** Task directions **
Print the whole listing below exactly, skipping every picture.

** Source material **
[Start of Attachment]

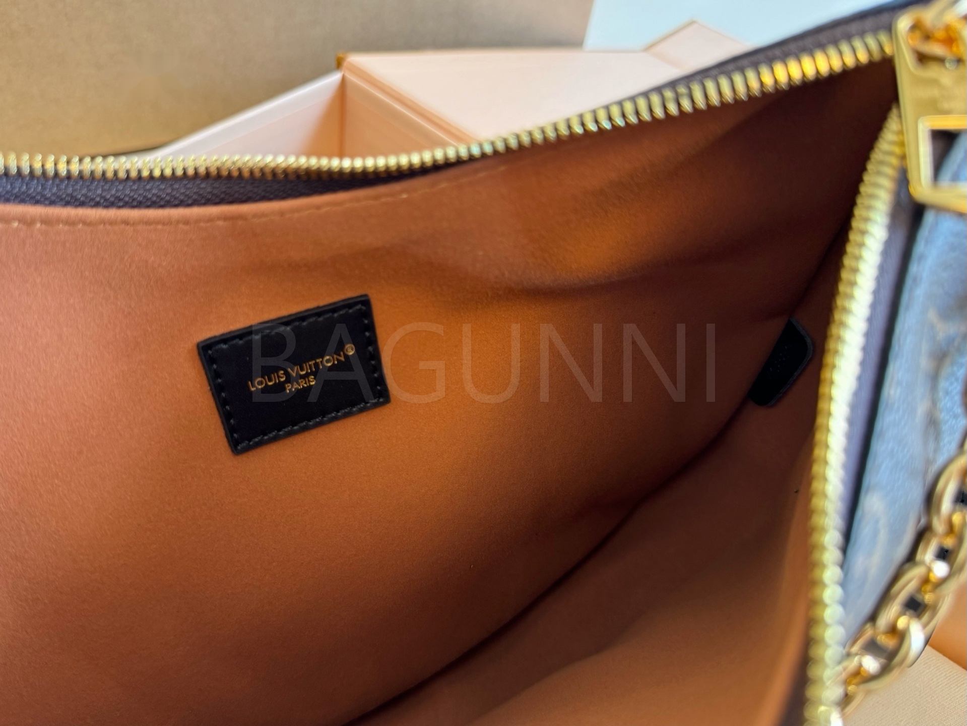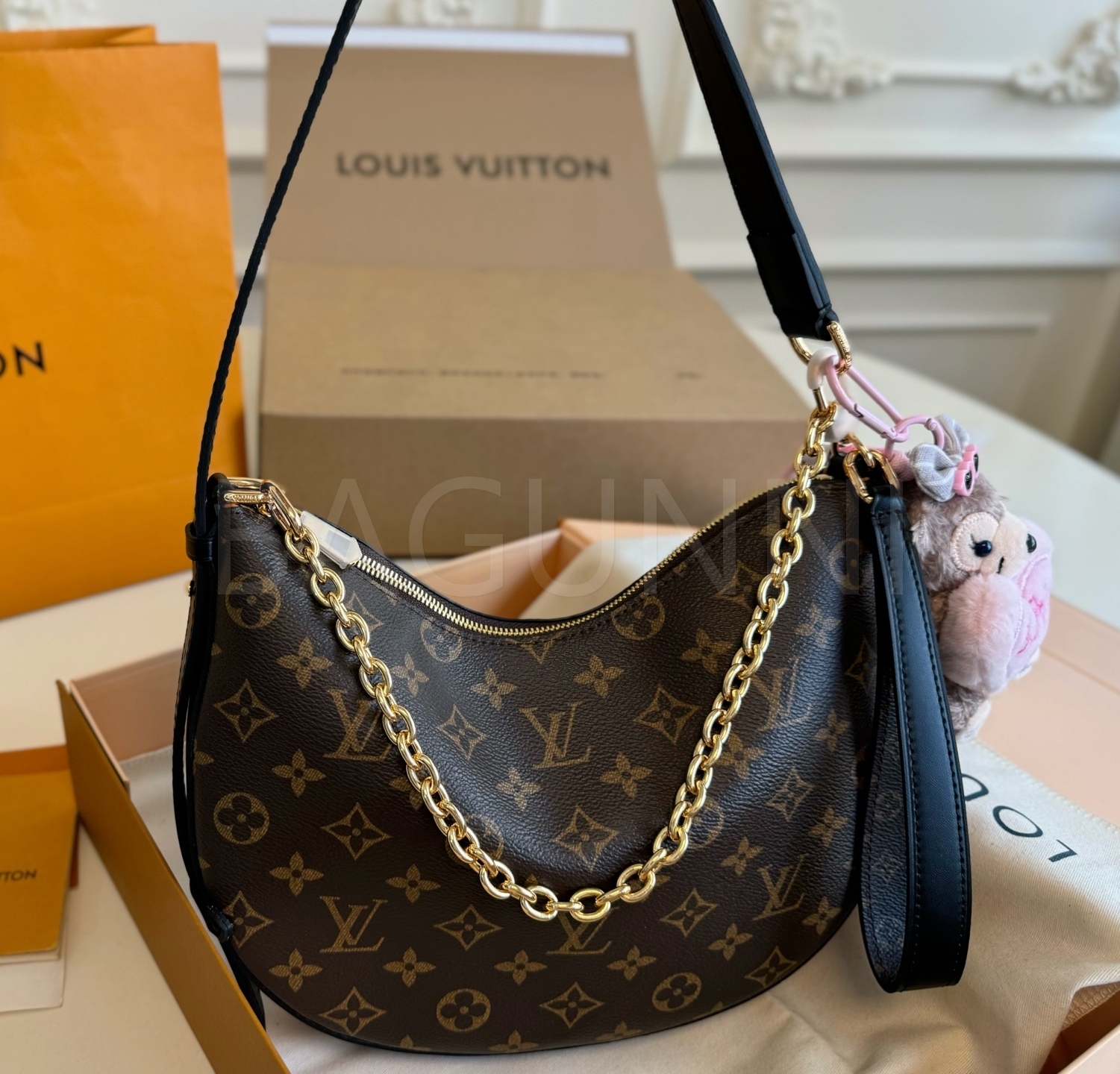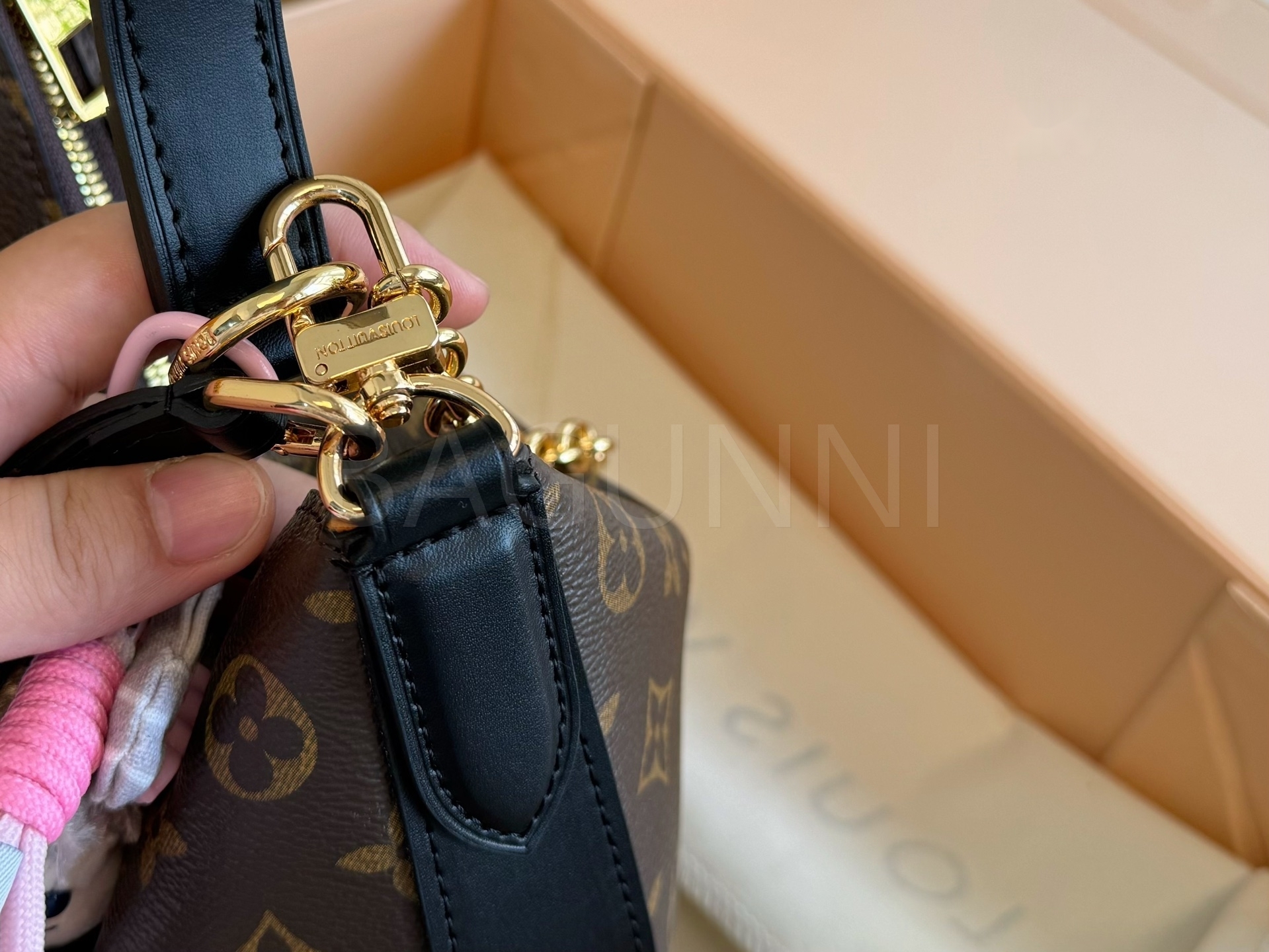 모노그램 패턴, 체인 스트랩, 여유 있는 수납력 디테일이 조화롭게 어우러져 완성도를 높여줍니다 필수 소지품을 여유 있게 수납하기 좋습니다
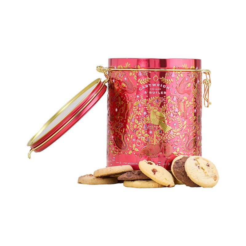 • 4 types of biscuits, placed into a decorative musical clip lid tin.
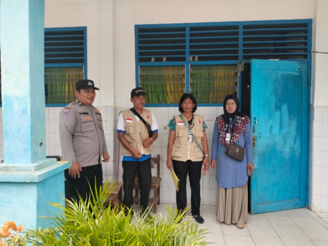 Bhabinkamtibmas Polsek Limapuluh Aipda Elijon Manurung melaksanakan cooling system dalam hasil dan penghitungan usai pemilihan pilpres, pileg di TPS Wilayah Desa Simpang Dolok kec.Datuk Limapuluh Kab Batubara, Sabtu (17/2/2024)

[End of Attachment]

** The answer **
 모노그램 패턴, 체인 스트랩, 여유 있는 수납력 디테일이 조화롭게 어우러져 완성도를 높여줍니다 필수 소지품을 여유 있게 수납하기 좋습니다
 • 4 types of biscuits, placed into a decorative musical clip lid tin.
 Bhabinkamtibmas Polsek Limapuluh Aipda Elijon Manurung melaksanakan cooling system dalam hasil dan penghitungan usai pemilihan pilpres, pileg di TPS Wilayah Desa Simpang Dolok kec.Datuk Limapuluh Kab Batubara, Sabtu (17/2/2024)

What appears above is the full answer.